**What you will do**
Return, without pictures, the lines from the start of the data through the one that contains "실내는 기존 만소리 튜닝".
━━━ Exercise data
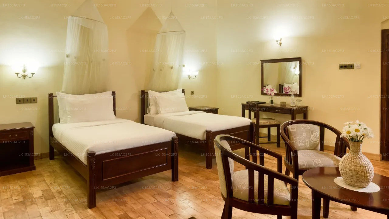 Thebuwana Bungalow in Kalutara offers a serene riverside escape surrounded by tropical gardens and coconut palms. This charming colonial-style retreat blends heritage, comfort, and warm hospitality in a peaceful setting.
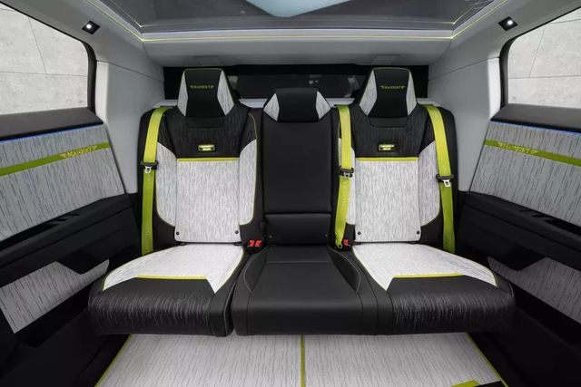 실내는 기존 만소리 튜닝 사이버트럭과 동일하다. 블랙과 화이트, 그리고 형광 옐로 계열의 가죽이 혼합된 독특한 컬러 조합이 적용돼 있다.
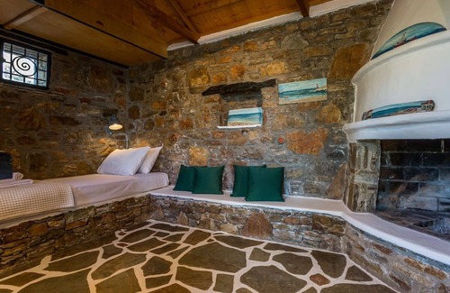 Our land is an olive grove located at 1.3 Km from the Old Village of Alonissos, accessible from a standard 1km non asphalted road that goes down hill. There, stand 3 stone built chalets and a sequence of wide stone terraces with breathtaking views to the Aegean blue and the hills that emerge from the sea, composing a surreal painting landscape. At a walking distance of 650 meters, you find yourself at the quiet beach of Vrysitsa. INSIDE Villa I (47m2 - hosts 3 people) Located on the top of the land, about 50 meters from the other Villa. Villa I consists of two separate rooms: • First room is a studio with a double bed, a separate small kitchen and a toilet; • Second room has a traditional fireplace and a single bed; • All beds are built of stone with very comfortable mattresses; • The wooden roof and the floor made of local stones set a cozy indoor ambient; • Kitchen is equipped for light meals (toast oven and a cook-top). OUTDOOR SCENARIO Enjoy your shower to our outdoor olive tree shower and pause the time at our wide terraces with breathtaking views in the midst of olive trees and cypresses, from which your brasilian hammocks is hanging.
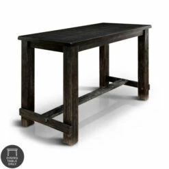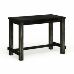 Update your dining are with this black solid wood bar table. This table features an antique black finish and boasts a lovely transitional look. The table has distressed wooden detailing and solid wooden legs. The table features exposed wood grain details for a rustic look. It easily seats four and can accommodate up to six. It conveys a warm, homey appeal that you’ll enjoy
━━━━━━
**Task result**
 Thebuwana Bungalow in Kalutara offers a serene riverside escape surrounded by tropical gardens and coconut palms. This charming colonial-style retreat blends heritage, comfort, and warm hospitality in a peaceful setting.
 실내는 기존 만소리 튜닝 사이버트럭과 동일하다. 블랙과 화이트, 그리고 형광 옐로 계열의 가죽이 혼합된 독특한 컬러 조합이 적용돼 있다.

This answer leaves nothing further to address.